III. Value and Data-Type Repairs

These methods focus on correctly identifying and parsing primitive JSON values.

  1. Case-Insensitive Boolean and Null Parsing:

    • Method: The parse_boolean_or_null function matches the literals true, false, and null in a case-insensitive manner by converting the input segment to lowercase before comparison.
  2. Lenient Number Parsing:

    • Method: The parse_number function greedily consumes characters that are valid in a number (0-9, -, ., e, E). If it stops on an invalid character (like a comma in 123,456), it backtracks one position to parse only the valid part (123).
  3. Fallback for Malformed Numbers:

    • Method: After parsing a potential number string (e.g., "1.2.3"), parse_number attempts to convert it to a float or int.
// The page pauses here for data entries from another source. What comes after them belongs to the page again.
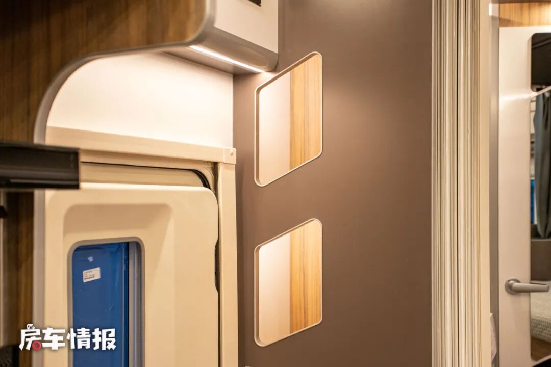 因为横置床的设计,所以全车的卫浴室是位于乘客门的正对面,内部的空间也很宽敞,配置也比较齐全,日常的洗澡洗漱都是没有问题的。
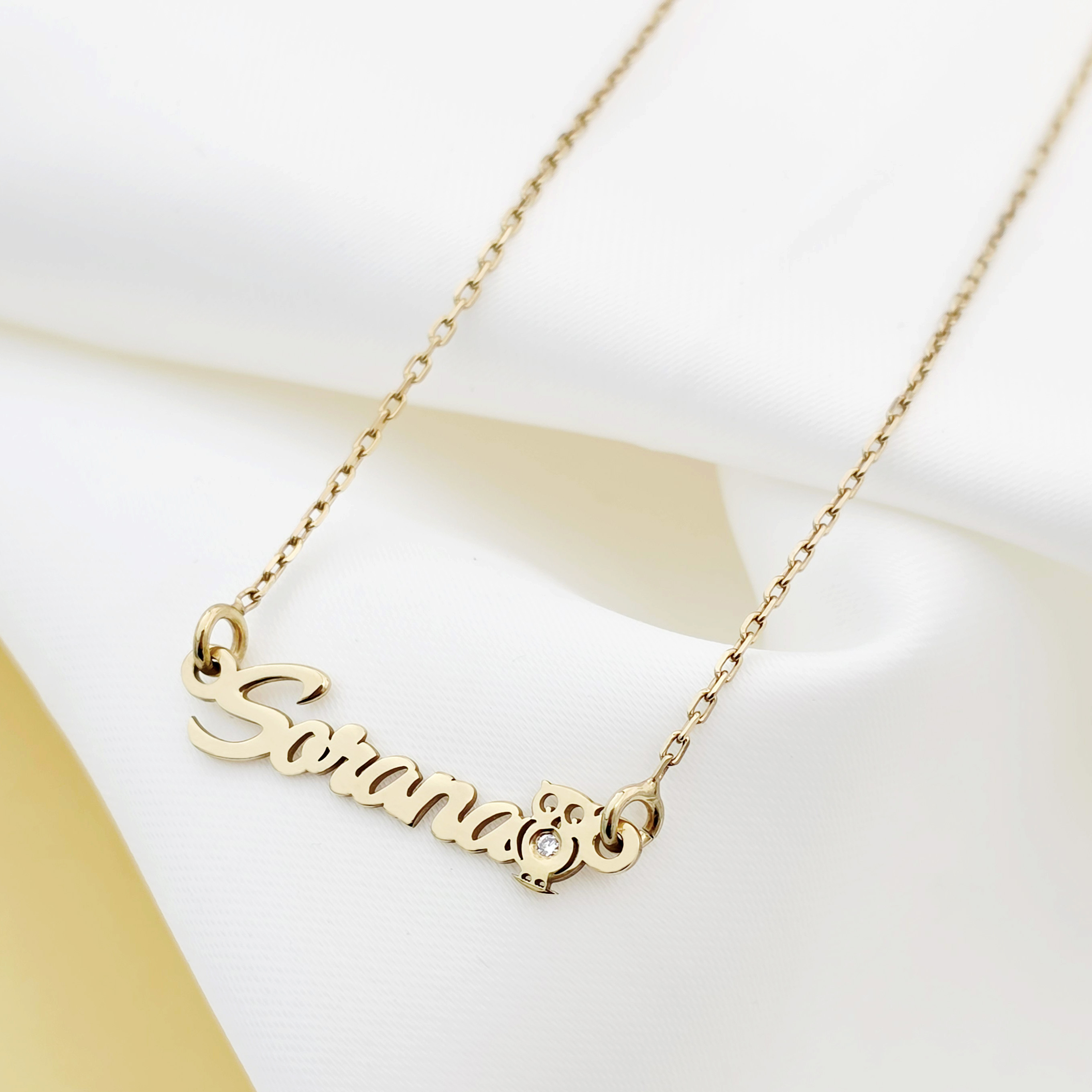 Colier Personalizat cu Nume si Bufnita Decorata cu Diamant – O Bijuterie Simbolica si Eleganta
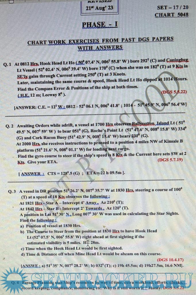 Question Paper Set for Terrestrial and Celestial Navigation (July 2022) for Phase I (Chief Mate…

If a ValueError or TypeError occurs, instead of failing, it returns the malformed number as a string value, preserving the data.
  4. Distinguishing Unquoted Literals from Strings:

    • Method: In parse_string, before assuming an unquoted literal is a string, it first attempts to parse it as a boolean or null using parse_boolean_or_null. This ensures true becomes a boolean, not the string "true".
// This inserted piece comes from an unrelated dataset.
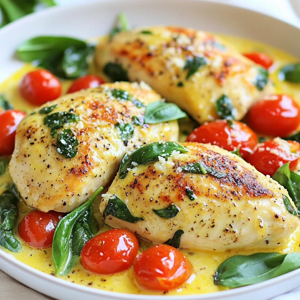- 4 boneless, skinless chicken breasts - 2 tablespoons olive oil - 4 cloves garlic, minced - 1 cup heavy cream - 1 cup cherry tomatoes, halved - 1 cup fresh spinach leaves - ½ cup grated Parmesan cheese - 1 teaspoon Italian seasoning - Salt and pepper to taste - Fresh basil leaves for garnish - Large skillet - Tongs - Measuring cups - Measuring spoons - Wooden spoon or spatula - Cutting board - Knife - For a lighter version, use half-and-half instead of heavy cream. - You can swap chicken for shrimp or tofu for a vegetarian option. - Add bell peppers or zucchini for extra veggies. - Use fresh herbs like thyme or oregano instead of Italian seasoning for a twist. - Try using feta cheese instead of Parmesan for a tangy flavor. {{ingredient_image_2}} To start, grab your chicken breasts. Season them well on both sides with salt, pepper, and Italian seasoning. This mix brings out the best flavors. Use enough seasoning so every bite is tasty. Set the chicken aside while you prepare your skillet. Next, heat two tablespoons of olive oil in a large skillet. Make sure the oil is hot, but not smoking. Place the seasoned chicken breasts carefully in the skillet. Sear each side for about 5 to 7 minutes. You want a nice golden brown color. This step seals in the juices. Once done, take the chicken out and place it on a plate. Now, it’s time to make the creamy sauce. In the same skillet, turn the heat down to medium-low. Add four minced garlic cloves and sauté them for about one minute. Stir often to avoid burning. When the garlic smells great, slowly pour in one cup of heavy cream. Stir as you add it to mix with the garlic. Let this simmer gently. Next, stir in one cup of halved cherry tomatoes and one cup of fresh spinach leaves. Cook for about three to four minutes. You want the tomatoes to soften and the spinach to wilt. After that, add in half a cup of grated Parmesan cheese. Keep stirring until the sauce is creamy and well mixed. Taste it and add more salt or pepper if needed. Finally, return your seared chicken breasts to the skillet. Make sure they are coated in the creamy sauce. Let them simmer together for two to three more minutes. This will warm everything and help the flavors blend. You are now ready to serve! To get the best sear on your chicken, follow these simple steps: - Use a hot skillet: Heat your skillet well before adding the chicken. This helps to lock in the moisture. - Don't overcrowd the pan: If you add too much chicken, it will steam instead of sear. Cook in batches if needed. - Let it cook: Avoid flipping the chicken too soon. Let it sit for 5-7 minutes to form that golden crust. To make your sauce truly creamy, keep these tips in mind: - Use heavy cream: It has a rich texture that helps create a velvety sauce. - Stir continuously: As you add the cream to the garlic, stir non-stop. This blends the flavors perfectly. - Add cheese slowly: Incorporate the grated Parmesan a little at a time for a smooth finish. Pair your Creamy Garlic Tuscan Chicken with these tasty options: - Garlic bread: Warm and crusty, it’s perfect for soaking up the sauce. - Pasta: Serve over your favorite pasta for a comforting meal. - Fresh salad: A light salad provides a crunchy contrast to the creamy chicken. - Wine: A glass of white wine, like Chardonnay, complements the dish beautifully. Pro Tips Use Fresh Ingredients: Fresh garlic, spinach, and tomatoes will enhance the flavor profile of your dish, making it more vibrant and delicious. Don’t Overcook the Chicken: Ensure the chicken is cooked just until it reaches an internal temperature of 165°F (75°C) to keep it juicy and tender. Customize the Creaminess: Adjust the amount of heavy cream and Parmesan cheese to achieve your desired level of creaminess in the sauce. Pair with Sides: This dish pairs wonderfully with garlic bread, pasta, or a crisp salad to create a well-rounded meal. {{image_4}} You can swap chicken for shrimp or tofu. Shrimp cooks fast. Just sauté it until it turns pink, about 3-4 minutes. Tofu needs a little more care. Press it to remove water, then cube and sauté until golden. Both options keep the dish tasty and fun. Feel free to mix in different veggies. Try bell peppers or zucchini for a colorful twist. Mushrooms add a nice earthy flavor. You can also toss in broccoli or asparagus. They cook well and add crunch. Always remember to adjust the cooking time based on the veggies you pick. You can lighten up this dish easily. Use chicken breast but swap heavy cream for coconut milk or almond milk. This keeps it creamy without the calories. For cheese, try nutritional yeast for a cheesy taste without dairy. This way, you enjoy great flavor while sticking to your health goals. To keep your Creamy Garlic Tuscan Chicken fresh, place leftovers in an airtight container. Make sure to cool it to room temperature first. Store it in the fridge. It will last for about 3 to 4 days. Always label the container with the date. This helps you track how long it’s been stored. When you’re ready to eat the leftover chicken, take it out of the fridge. You can reheat it on the stove for the best flavor. Heat a skillet over low heat. Add a splash of cream or broth to keep it moist. Stir gently until it’s warmed through. You can also use a microwave. Place the chicken in a microwave-safe dish. Cover it with a lid or microwave-safe wrap. Heat in short bursts, checking often. This helps avoid overcooking. Freezing is a great way to save this dish for later. First, let the chicken cool completely. Then, place it in a freezer-safe container. You can also use freezer bags, squeezing out the air. Properly stored, it can last for up to 3 months. When you’re ready to eat it, thaw it in the fridge overnight. Reheat as described above. This way, you can enjoy your creamy chicken at a later date! You can serve this dish with many sides. Here are my favorites: - Warm garlic bread - Steamed rice or risotto - Pasta, like fettuccine or spaghetti - Fresh

IV. Content Sanitization and Cleaning

These methods make the parser robust against non-JSON content mixed in with the data.

  1. Stripping Comments:

    • Method: The parse_comment function is called when a / or # is encountered. It correctly identifies and skips over single-line comments (//... and #...) and multi-line block comments (/*...*/). The parser’s index is advanced past the comment, effectively removing it from the final output.
  2. Ignoring Leading/Trailing Extraneous Characters:

    • Method: The main parsing loop is designed to skip any characters at the beginning of the input that do not signify the start of a valid JSON value ({, [, ", etc.). This cleans up leading text or garbage. Trailing characters are similarly ignored after a valid JSON object has been parsed.
  3. Stripping Markdown Code Fences:

    • Method: The JSONParser’s __init__ method checks if the input string contains Markdown code fences (e.g., ```json ... ```). If detected, it slices the string to extract only the content within the fences before parsing begins.